Dead of winter box cover

Dead of Winter: A Crossroads Game Review

Does the lighthearted zombie theme right, just make sure you embrace the silliness of it.

A strongly thematic zombie survival semi-coop game, where the Ameritrash story takes precedence: dumb things just happen and you’re along for the ride. 60-150 minutes, 4-6 players.

Video published February 19th, 2021

 

Overview & How to Play

In Dead of Winter, you and your friends are going to each control a handful of survivors, working together as a group that’s trying to survive a brutal winter at this colony—with of course, some zombies shambling around.

You’ll all have one Main Objective you’re trying to do, but-but-but: everyone also has a Secret Objective they have to do in order for them to individually win the game. So if the game ends with the Main objective completed, but you haven’t finished your own Secret Objective—so as an example say you fail to have 3 extra food cards in your hand—you lose the game. Oh, then there’s a traitor mechanic, as some players will be a Betrayer! Some of these Secret Objectives will have an extra mission: that you WANT to sabotage the Main Colony after completing your Secret Objective.

To help out your colony of survivors, or do sinister silly things, you can move your survivors to different locations outside of the colony, like a Police Station, or a Library. While at those places, you can spend actions to scavenge items from the location’s search deck. Also every round, zombies spawn in any locations that have survivors in them—including the home colony—and you have to spend Food to feed everyone.

This all goes on until you all lose from Morale loss if too much sadness happens to your colony, like death or starvation, or until the Main Objective is completed, where you all reveal your Secret Objectives and check to see who actually wins. It could be some people, no people, or everyone!

Pros

First of all, this game just looks and feels great. Everything is really well colored and stands out well with a frosted-over look, and color schemes are good throughout. What’s more, the game comes with enough plastic bags to hold everything so you don’t have to worry about storage.

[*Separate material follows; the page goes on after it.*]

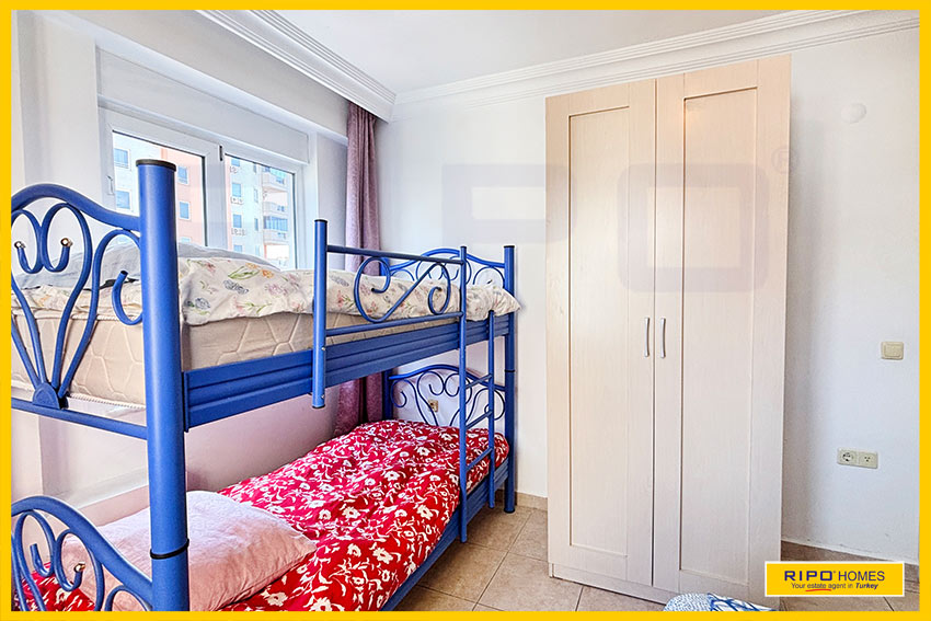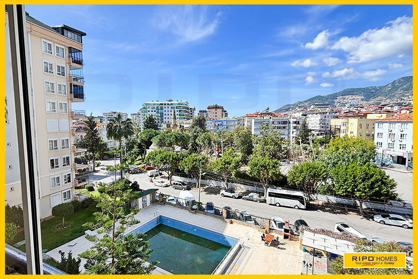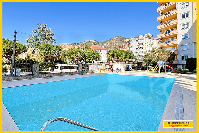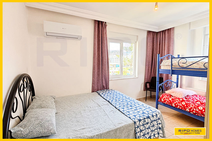 Situated within a well-maintained residential complex, residents benefit from landscaped gardens, parking areas, outdoor seating spaces, and an inviting swimming pool surrounded by sun terraces. Its convenient location near the D400 highway provides easy access to restaurants, markets, and Alanyum Shopping Centre. Located in a peaceful residential area, the property is only 700 metres from the sandy beach, making it ideal both for permanent living and for enjoying everything Alanya and its surroundings have to offer.

On top of all that, Dead of Winter has a good rulebook that’s really concise with plenty of pictures and examples. This lines up amazingly with the player aids that are the GOLD standard for aids: they show everything, help you organize your cards, while looking great overall.

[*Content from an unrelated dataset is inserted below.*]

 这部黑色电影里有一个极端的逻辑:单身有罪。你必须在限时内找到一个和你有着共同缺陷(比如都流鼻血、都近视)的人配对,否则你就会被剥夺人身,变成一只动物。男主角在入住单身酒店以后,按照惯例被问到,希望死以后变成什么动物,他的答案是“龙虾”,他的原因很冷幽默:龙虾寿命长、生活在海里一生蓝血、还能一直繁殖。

Now this is technically a ‘Crossroads’ game, meaning that there’s an event deck of 80 cards that is drawn from every turn, which can potentially trigger if those conditions are met. This is a really cool idea with a massive novelty factor that makes it feel like anything can happen. Survivors can fall in love, survivors can get kidnapped, people can party, yadada we can’t spoil too much. Crossroads will have a decision that will either be made by the survivor involved, or the group as a whole, which give you gripping decisions like: getting mauled by zombies or shot by bandits—man both these options suck. This makes the game feel VERY alive, like an actual zombie apocalypse with unexpected twists and turns.

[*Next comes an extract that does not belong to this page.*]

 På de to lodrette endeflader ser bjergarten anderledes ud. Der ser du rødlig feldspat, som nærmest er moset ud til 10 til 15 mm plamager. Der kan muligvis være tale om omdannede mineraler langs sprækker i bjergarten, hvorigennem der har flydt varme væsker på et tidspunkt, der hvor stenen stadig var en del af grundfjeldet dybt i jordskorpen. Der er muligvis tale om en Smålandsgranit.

There’s also 30 unique survivors, each with their own stats and special abilities that feel thematically appropriate. There’s a fitness trainer who has more health, a soldier who can kill 2 zombies with one die, or a chemist that can make a homemade bomb (Walter White lookalike). More diversity comes in with searching from items: Shotguns, Books on martial arts, a Megaphone, and even finding more survivors to join you! Searching really does feel like searching, where it can be hard to find what you’re looking for.

The traitor mechanic is a fantastic idea too, where it’s not an all out sabotage mission, because this traitor still has their own hidden agenda they have to complete before tanking everyone. So, everyone, good guys or not, is working towards their own hidden agendas, and there’s this semi-coop mistrust where all the good guys STILL DO need each other to win despite occasional irrational behavior from objectives. You always have to watch out for the off chance that your suddenly strangely acting friend is also a bad guy.

Exiling someone if you REALLY think they’re a bad guy is also fun, where the group calls a vote and kicks someone out. That exiled person isn’t eliminated, but rather they get a new ‘Exiled’ Objective, and don’t have to worry about feeding the Main Colony anymore. This can start to change the game, with some extremely violent revenge objectives possible.

As a whole, Dead of Winter does uncertainty really well with how it can be just as risky as it can be forgiving. Tons of things in the game like attacking or moving force you to roll the Exposure Die, which has effects ranging from doing nothing, to instantly killing your survivor and spreading the infection in their location to potentially kill even more… but who knows, maybe moving to the Grocery Store yields a Food item worth 3 food instead of 1! The risk keeps you engaged into the high-stakes zombie apocalypse, but then you’ll never get completely wiped out as you control multiple survivors, which is relieving in this multiple hour game.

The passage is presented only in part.